Problem to solve: Nothing is needed except the lines below that run from the one with "Продаётся 4-комнатная квартира" through the one with "老师:你们可以把自己看到的梯田画下来,让我们也感受一下呗!", repeated exactly.

Information provided:
Segment Open

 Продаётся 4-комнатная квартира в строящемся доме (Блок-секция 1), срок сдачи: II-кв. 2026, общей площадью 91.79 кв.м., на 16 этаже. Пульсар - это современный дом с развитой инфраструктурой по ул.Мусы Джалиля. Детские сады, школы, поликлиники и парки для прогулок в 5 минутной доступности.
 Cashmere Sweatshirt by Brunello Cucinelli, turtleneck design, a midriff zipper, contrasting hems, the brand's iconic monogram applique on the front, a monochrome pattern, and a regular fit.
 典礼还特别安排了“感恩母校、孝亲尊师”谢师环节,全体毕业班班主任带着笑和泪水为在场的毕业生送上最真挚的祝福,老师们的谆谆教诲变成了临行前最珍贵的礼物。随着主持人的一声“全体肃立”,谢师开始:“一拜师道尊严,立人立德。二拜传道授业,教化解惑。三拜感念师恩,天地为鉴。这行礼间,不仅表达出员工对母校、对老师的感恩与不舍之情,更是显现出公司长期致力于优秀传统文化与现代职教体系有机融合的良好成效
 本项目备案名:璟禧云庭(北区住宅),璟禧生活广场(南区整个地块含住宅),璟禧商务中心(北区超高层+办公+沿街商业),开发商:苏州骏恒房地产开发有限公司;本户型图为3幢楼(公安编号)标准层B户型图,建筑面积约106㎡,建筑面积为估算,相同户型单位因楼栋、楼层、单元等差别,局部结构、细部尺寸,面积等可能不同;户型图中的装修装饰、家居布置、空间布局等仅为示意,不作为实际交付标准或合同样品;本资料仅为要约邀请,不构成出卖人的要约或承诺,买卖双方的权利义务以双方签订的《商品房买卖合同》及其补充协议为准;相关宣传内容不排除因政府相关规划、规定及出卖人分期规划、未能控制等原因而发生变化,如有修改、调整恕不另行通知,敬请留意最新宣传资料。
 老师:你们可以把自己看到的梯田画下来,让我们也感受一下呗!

Segment Closed
Segment Open

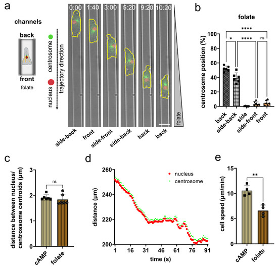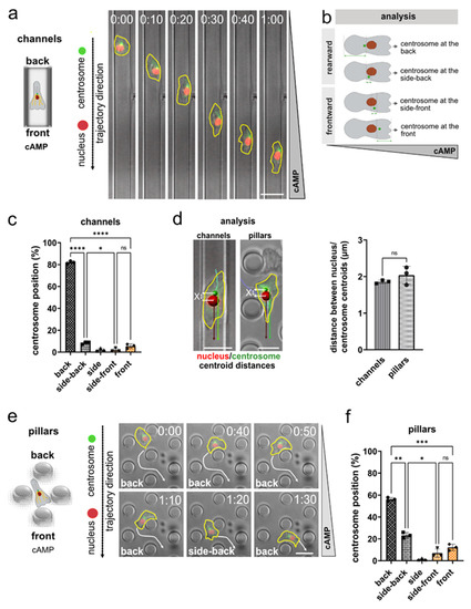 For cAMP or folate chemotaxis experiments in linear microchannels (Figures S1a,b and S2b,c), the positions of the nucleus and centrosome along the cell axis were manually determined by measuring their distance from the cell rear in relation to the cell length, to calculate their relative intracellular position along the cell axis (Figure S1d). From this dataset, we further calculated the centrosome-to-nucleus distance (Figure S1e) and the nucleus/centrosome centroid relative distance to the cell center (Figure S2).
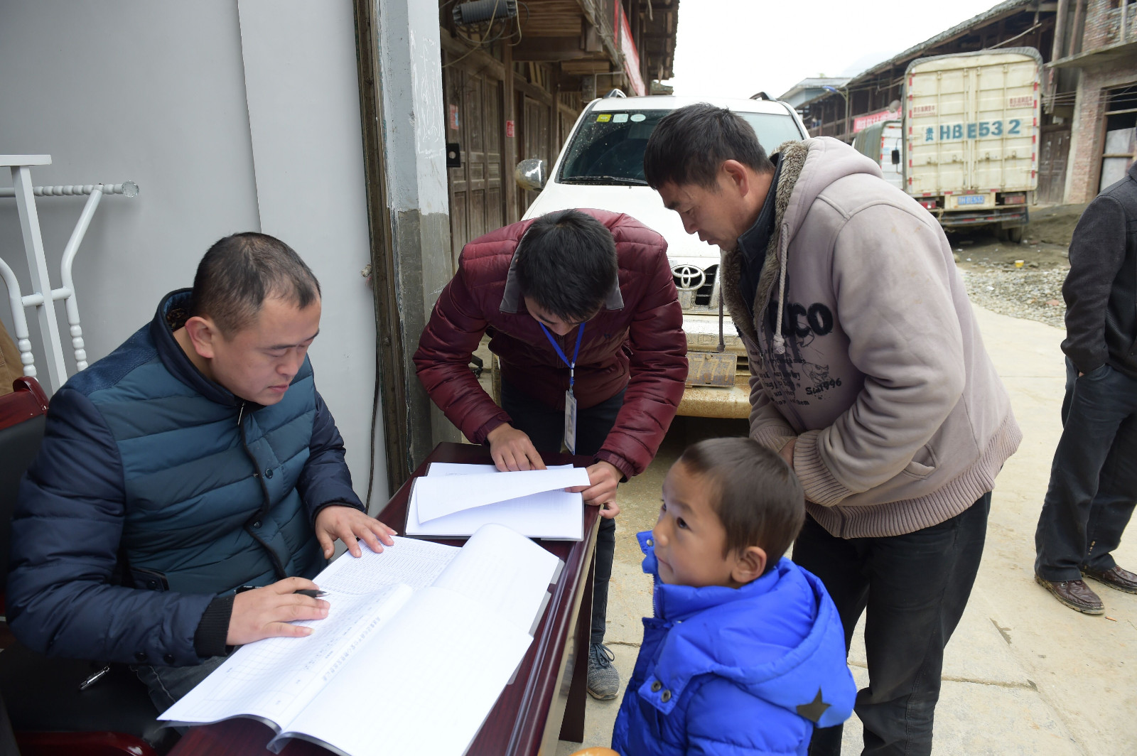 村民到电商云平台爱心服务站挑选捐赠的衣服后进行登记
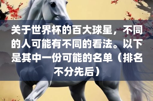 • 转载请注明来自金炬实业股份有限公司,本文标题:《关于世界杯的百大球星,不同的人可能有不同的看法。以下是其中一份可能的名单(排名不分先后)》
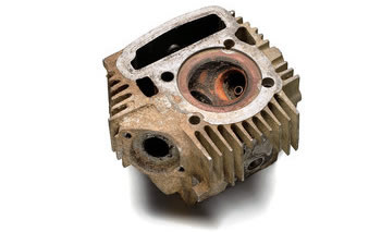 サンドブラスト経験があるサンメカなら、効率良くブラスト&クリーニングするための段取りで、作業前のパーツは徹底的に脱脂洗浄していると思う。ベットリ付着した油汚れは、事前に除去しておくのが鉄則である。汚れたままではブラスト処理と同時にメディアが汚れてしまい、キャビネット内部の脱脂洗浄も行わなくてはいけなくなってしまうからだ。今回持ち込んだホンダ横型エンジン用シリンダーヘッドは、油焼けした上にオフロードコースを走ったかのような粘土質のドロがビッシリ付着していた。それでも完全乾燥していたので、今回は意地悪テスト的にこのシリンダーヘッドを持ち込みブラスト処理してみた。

Segment Closed

Written response:
 Продаётся 4-комнатная квартира в строящемся доме (Блок-секция 1), срок сдачи: II-кв. 2026, общей площадью 91.79 кв.м., на 16 этаже. Пульсар - это современный дом с развитой инфраструктурой по ул.Мусы Джалиля. Детские сады, школы, поликлиники и парки для прогулок в 5 минутной доступности.
 Cashmere Sweatshirt by Brunello Cucinelli, turtleneck design, a midriff zipper, contrasting hems, the brand's iconic monogram applique on the front, a monochrome pattern, and a regular fit.
 典礼还特别安排了“感恩母校、孝亲尊师”谢师环节,全体毕业班班主任带着笑和泪水为在场的毕业生送上最真挚的祝福,老师们的谆谆教诲变成了临行前最珍贵的礼物。随着主持人的一声“全体肃立”,谢师开始:“一拜师道尊严,立人立德。二拜传道授业,教化解惑。三拜感念师恩,天地为鉴。这行礼间,不仅表达出员工对母校、对老师的感恩与不舍之情,更是显现出公司长期致力于优秀传统文化与现代职教体系有机融合的良好成效
 本项目备案名:璟禧云庭(北区住宅),璟禧生活广场(南区整个地块含住宅),璟禧商务中心(北区超高层+办公+沿街商业),开发商:苏州骏恒房地产开发有限公司;本户型图为3幢楼(公安编号)标准层B户型图,建筑面积约106㎡,建筑面积为估算,相同户型单位因楼栋、楼层、单元等差别,局部结构、细部尺寸,面积等可能不同;户型图中的装修装饰、家居布置、空间布局等仅为示意,不作为实际交付标准或合同样品;本资料仅为要约邀请,不构成出卖人的要约或承诺,买卖双方的权利义务以双方签订的《商品房买卖合同》及其补充协议为准;相关宣传内容不排除因政府相关规划、规定及出卖人分期规划、未能控制等原因而发生变化,如有修改、调整恕不另行通知,敬请留意最新宣传资料。
 老师:你们可以把自己看到的梯田画下来,让我们也感受一下呗!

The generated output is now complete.